Foci of TatAd-GFP depend on TatCd or TatCy.

Since we observed that the foci of xylose-induced TatAd-GFP depend on the presence of TatCy, we also investigated the localization pattern of TatAd-GFP expressed from its own promoter after integration of plasmid pSG1151-TatAd in strain 168 ΔtatCy, in which the tatCy gene is deleted. In this strain, foci of the fusion protein are completely absent and only the peripheral fluorescence signal is visible. However, TatAd-GFP foci could be observed when TatCy was reintroduced into strain 168 ΔtatCy via production from plasmid pCCy (Fig. 5A). These different localization patterns are not the result of different intracellular amounts of the TatAd-GFP fusion protein, since these are similar in the presence or absence of TatCy (Fig. 5B). This demonstrates that the foci of TatAd-GFP expressed from its native promoter depend on the presence of TatCy, as was also observed for the xylose-induced TatAd-GFP. In addition, these results indicate that the foci of TatAd-GFP observed in strain 168 Ad-gfp cells grown in LPDM (Fig. 4C) are caused by TatCy (Table 2), which is known to be produced under these conditions (11).

FIG. 5. — Foci of TatAd-GFP depend on a TatC component. (A) Strains 168 Δ*tatCy Ad-gfp* (Δ*tatCy*), 168 Δ*tatCy Ad-gfp*/pCCy (+ TatCy), and 168 Δ*tatCy Ad-gfp*/pCCd (+ TatCd) were grown in LPDM for 7 h and examined by fluorescence microscopy. Phase-contrast (left) and fluorescence (right) pictures of the same cells are shown, and the scale bars indicate 5 μm. (B) At the same time as the samples whose images are shown in panel A, samples containing equal amounts of cells were taken and analyzed by SDS-PAGE and Western blotting using anti-GFP antibodies.

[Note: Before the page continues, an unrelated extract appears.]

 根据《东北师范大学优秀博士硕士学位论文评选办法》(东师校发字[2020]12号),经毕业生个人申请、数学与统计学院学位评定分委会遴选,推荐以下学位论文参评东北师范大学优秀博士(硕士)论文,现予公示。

Lane 1, 168 Δ*tatCy Ad-gfp*; lane 2, 168 Δ*tatCy Ad-gfp*/pCCy; lane 3, 168 Δ*tatCy Ad-gfp*/pCCd. Mobilities of molecular mass markers (in kDa) are shown on the right.

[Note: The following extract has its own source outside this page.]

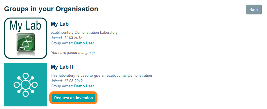 Click Join Group to view a list of all labs in your company or institute. Choose the lab you would like to join in your organization and click Request an invitation. Note that groups in the system are automatically linked to an organization when the group is created by a user. Users are linked to an organization in a system based on their email domain. In the event that your lab moves to another organization, please contact us to migrate your group.

As demonstrated by the results described above, strain 168 Ad-gfp does not produce TatCd. Therefore, we investigated whether TatAd-GFP would be localized in foci when TatCd, encoded by plasmid pCCd, was introduced into strain 168 ΔtatCy Ad-gfp. As can be observed from the results in Fig. 5A, like that of TatCy, the presence of TatCd also results in foci of TatAd-GFP in strain 168 ΔtatCy Ad-gfp. This demonstrates that the localization of TatAd in foci depends on the presence of a TatC component (Table 2) and suggests that TatAd can functionally interact with both TatCd and TatCy.

DISCUSSION

The subcellular localization of Tat components in E. coli has been extensively investigated by using fluorescence microscopy (4, 18, 25). The Tat machineries of gram-positive bacteria have a different composition than those of gram-negative organisms, lacking a TatB protein. Much research has been done to elucidate the working mechanism of Tat translocation in the model gram-positive organism B. subtilis, but only the subcellular localization of TatCy has been reported so far (20).

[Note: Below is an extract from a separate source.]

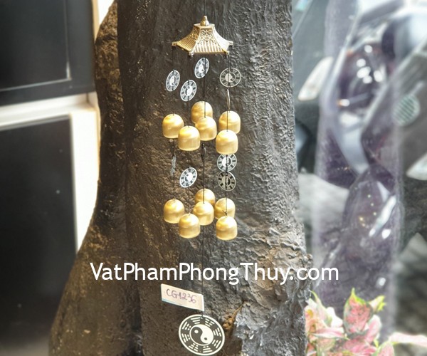 + Chất liệu và hoàn thiện: Chuông gió đồng dạng ống chum kết hợp mái chùa và xu bát quái (tại Việt Nam).

In this study, we have investigated the subcellular localization of the three TatA proteins of B. subtilis by using GFP fusions, functionality assessments, and fluorescence microscopy. In order to investigate the subcellular localization of the TatA proteins of B. subtilis, we have constructed fusions of these proteins with GFP. Recently, it has been suggested that TatA of E. coli has a dual topology, with its N terminus residing on the cytoplasmic side of the membrane. The location of its C terminus depends on the membrane potential and is cytoplasmic in the active, presumably channel-forming state (8). It is currently unknown whether the Bacillus TatA proteins assume the same topology or the N_out-C_in topology that has previously been assumed. In both cases, however, the C terminus will be cytoplasmic and can probably be fused to GFP without adverse effects (see below).

From the fluorescence microscopy results presented in this paper, we conclude that TatAd-GFP can be localized at two places in the cell, namely, peripherally and in bright foci which are enriched at the cell poles and/or division sites. These foci of TatAd-GFP might consist of inclusion bodies, but for several reasons, we consider this possibility unlikely. First, the TatAd-GFP fusion protein is shown to be functional in PhoD secretion (Fig. 4). Second, the formation of foci is not caused by the intracellular level of TatAd-GFP, since in the absence of a TatC component, no foci are seen, although the total amount of TatAd-GFP is similar (Fig. 3B and 5B). In addition, the results obtained upon the expression of TatAd-GFP from a xylose-induced promoter were in agreement with those obtained upon expression from its native promoter. Third, the presence of a TatC component is necessary for the functionality of its TatA counterpart and is therefore unlikely to promote the formation of inclusion bodies or other types of inactive aggregates of TatA. The dual localization of the TatA proteins of B. subtilis is similar to that of TatCy, which was investigated using the same xylose-inducible GFP fusion system and also displayed membrane fluorescence and polar foci (20). In E. coli, a similar dual localization of TatA-GFP has been observed (4, 25), although there has been some controversy about whether these foci represent active or inactive assemblies and about whether Tat translocation takes place at the poles or not. In a recent study, TatA-YFP was expressed at native levels in E. coli and was localized in a dispersed state in the membrane and in foci. These foci were shown to be individual TatA complexes with, on average, 25 TatA molecules (18).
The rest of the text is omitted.